Débat à la médiathèque de Montrouge samedi 24 mai 2008 à 10h30
Siné
Les “raisons” qui font “avancer” le monde sont obscures, la raison du meilleur est rarement la plus forte : l’héliocentrisme, le matérialisme, reconnus en ce vingt-et-unième siècle, datent de l’Antiquité. Les martyrs qui les ont défendus durant deux mille cinq cents ans furent broyés par une formidable machine à étouffer la raison. Leur tort : prétendre éclairer des aveugles, faire avancer une humanité satisfaite de tourner en rond.

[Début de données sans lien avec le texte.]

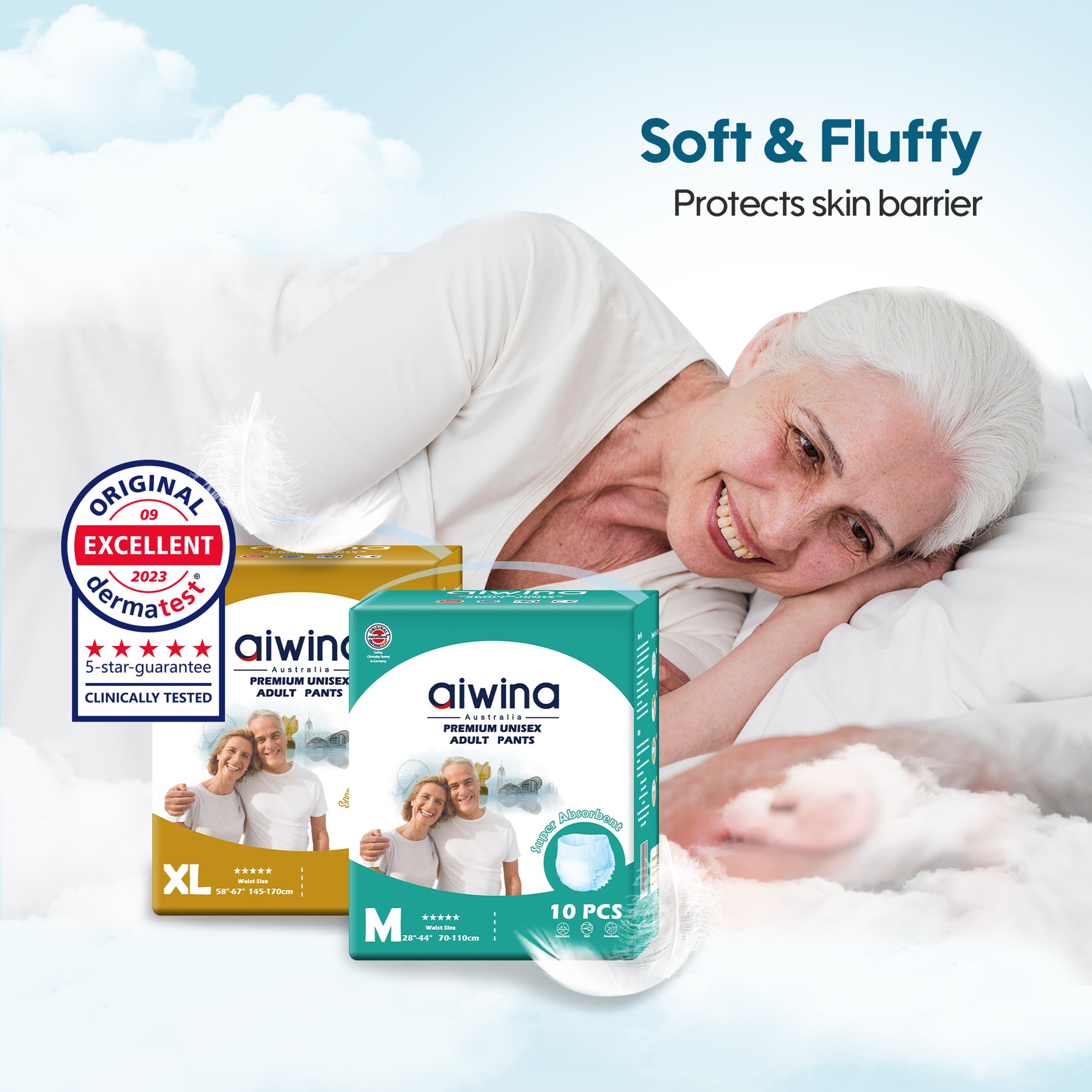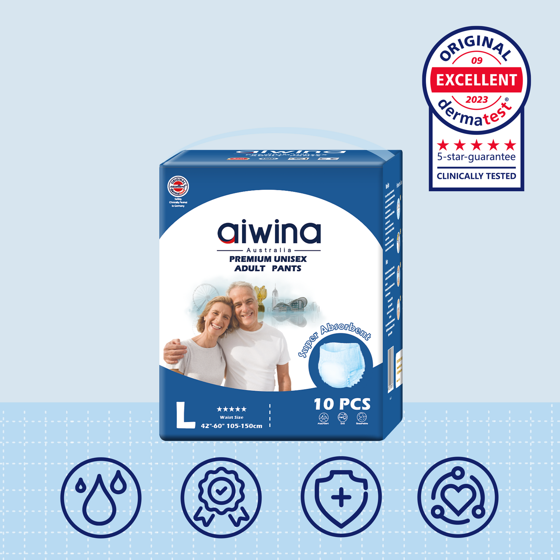 Aiwina diapers have been clinically tested and awarded an "Excellent" rating by the German Dermatest institution, which means that our products have reached the world's top level of safety and quality certification. We hope to bring more respect, convenience, and comfort to the adult population in need of special care through high-quality products.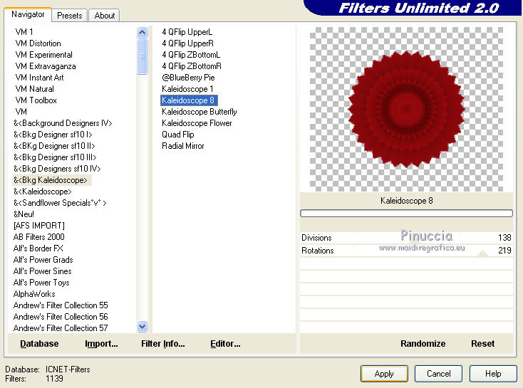 6. Effets>Modules Externes>Filters Unlimited 2.0 - &<Bkg Kaleidoscope> - Kaleidoscope 8.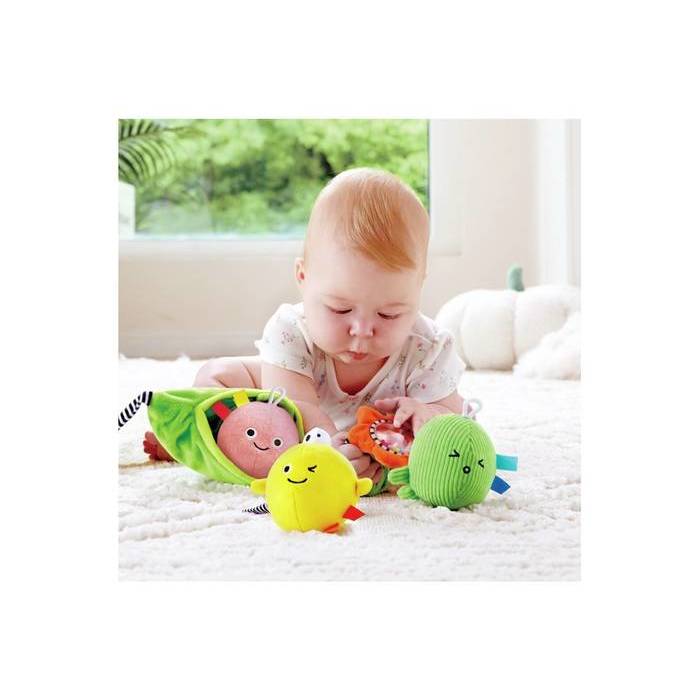Este set de tres guisantes de peluche está diseñado para estimular el agarre y desarrollar la motricidad fina y la coordinación mano-ojo. Sus colores y diseño atraen la atención de los bebés, promoviendo el seguimiento visual y las habilidades de reconocimiento de colores.

Si je possède une vérité inconnue, puis-je la révéler ? La question se pose crûment à toute personne qui prend publiquement position : le public risque de ne pas applaudir, il est risqué de ne pas prêcher pour des convertis. Aller contre l’opinion, c’est avoir tort d’emblée aux yeux de la plupart : il faudra une habile manipulation de l’opinion pour que “progresse” le sens commun. Un mode de pensée va de moule en moule, obligeant tous les membres d’une société à prendre parti, et jugeant chacun d’après son parti. La prudence invite à se réfugier dans les “idées” reconnues comme “bonnes” : les lieux communs.
Dans les débats publics, beaucoup hésitent à penser devant tous, et n’osent pas prendre la parole si leurs idées s’opposent aux arguments entendus. Ils s’excusent de penser, d'être singuliers : “si ma pensée ne convient pas, je suis prêt à la changer...”

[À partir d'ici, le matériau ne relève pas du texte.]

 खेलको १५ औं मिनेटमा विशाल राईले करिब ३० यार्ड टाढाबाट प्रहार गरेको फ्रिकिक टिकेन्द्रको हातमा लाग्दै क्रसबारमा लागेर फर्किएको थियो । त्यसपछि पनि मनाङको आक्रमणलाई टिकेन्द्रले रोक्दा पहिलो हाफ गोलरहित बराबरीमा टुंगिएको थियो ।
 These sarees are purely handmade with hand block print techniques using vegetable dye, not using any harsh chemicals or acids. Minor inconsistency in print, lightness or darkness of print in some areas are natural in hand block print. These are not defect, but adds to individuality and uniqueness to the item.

L’enjeu véritable n’est pas la vérité, mais l’identité de chacun, la conscience et sa reconnaissance. Trop souvent, ne pas penser comme les autres est considéré comme un tort, au point qu'on confond raison et opinion : avoir une idée singulière revient à avoir tort !
Être libre revient à pouvoir décider seul, user de son libre arbitre, de son sens critique. Tout raisonneur est un emmerdeur : en réfutant les préjugés sur lesquels la communauté se fonde, il dérange. La raison du plus fort est meilleure en ce qu'elle s'impose. L’union fait la force : quand un génie solitaire apporte une pensée singulière dans un groupe constitué, ce groupe fait preuve d’une remarquable solidarité pour le faire taire. Ce groupe n’a pas le choix : il refuse ce qui met en cause ses fondements. Soyons donc cyniques, oublions la raison du rationaliste, ne suivons que la raison sociale. À l’article “raison”, le dictionnaire évoque plutôt l’art de convaincre, de manipuler : dans tout régime totalitaire, une majorité croit que le dictateur incarne la raison, parce que les media le rappellent quotidiennement. Qui prétendrait le contraire serait lynché.

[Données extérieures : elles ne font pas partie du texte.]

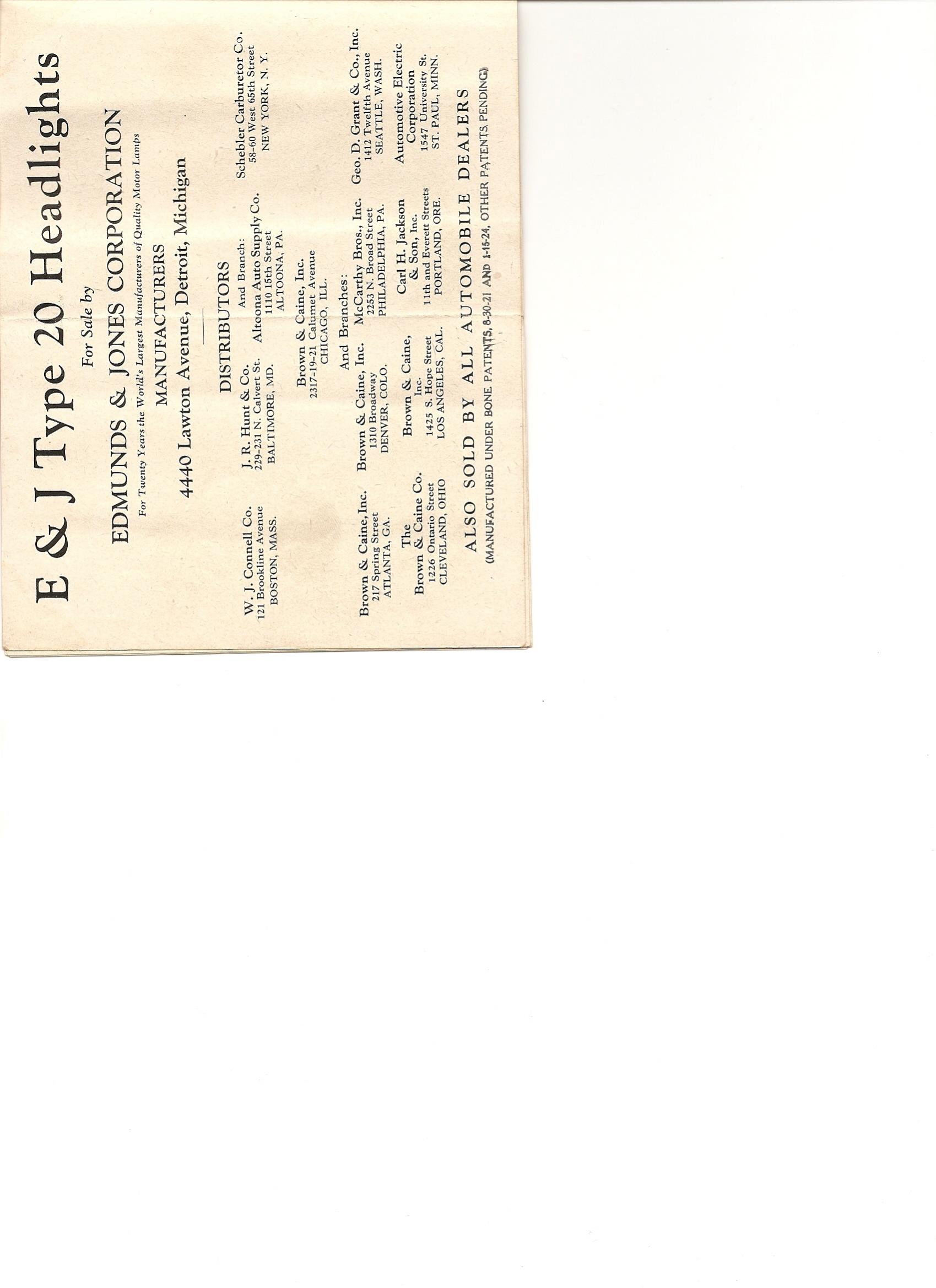 Here is a scan of the Instructions for E & J headlights.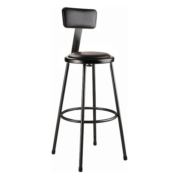 Black Vinyl Stool Back,30 In., Base Design Welded Tube Leg, Mobility Stationary, Backrest Yes, Base Color Black, Built-In Tool Tray No, Includes Footring Yes, Maximum Seat Height 30 in, Minimum Seat Height 30 in, Overall Height 43 in, Seat Adjustment Type Not Applicable, Seat Diameter 14 in, Seat Shape Round, Seat Width 14 in, ESD Conductive Yes, Assembled Unassembled, Footring Diameter 5/8 in, Footring Shape Round, Load Capacity 300 lb, Number of Legs 4, Seat Color Masonite
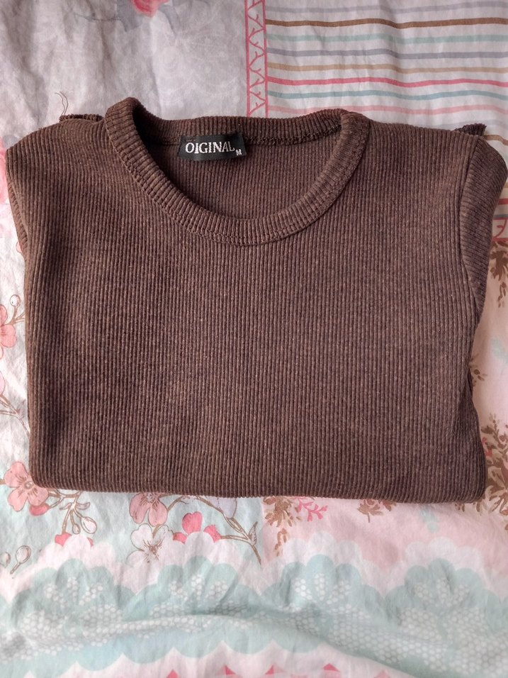 Kahverengi, bisiklet yaka, uzun kollu, vücuda oturan triko kazak. Düz ve rahat tarzıyla günlük kullanıma uygundur.

L‘histoire de la psychologie de chacun rappelle que la raison nous a d’abord été inculquée. Il a fallu commencer par croire avant de se permettre de penser.
Exemple de lieu commun gobé comme un principe irréfutable (parce qu’indémontrable) : l’Homme est seul doué de conscience, aucun animal ne lui arrive à la cheville. “Tout le monde le sait”. Inutile donc de le prouver, ce qui obligerait à observer scientifiquement TOUT le monde animal, et d’abord à reconnaître que sur les centaines de milliers d’espèces animales dénombrées, la plupart nous sont parfaitement inconnues. Admirons la Raison de l'homme "capable" de se comparer à ce qu'il ne connaît pas ! Impossible de comparer le connu avec l’inconnu... Mais on répète cette “vérité” flatteuse pour l’Homme et ses prétentions, “vérité” formellement rappelée par la plupart des autorités, exactement de la même façon qu’on a dit et répété que la terre est plate ou que la femme est "naturellement" la servante de l'homme.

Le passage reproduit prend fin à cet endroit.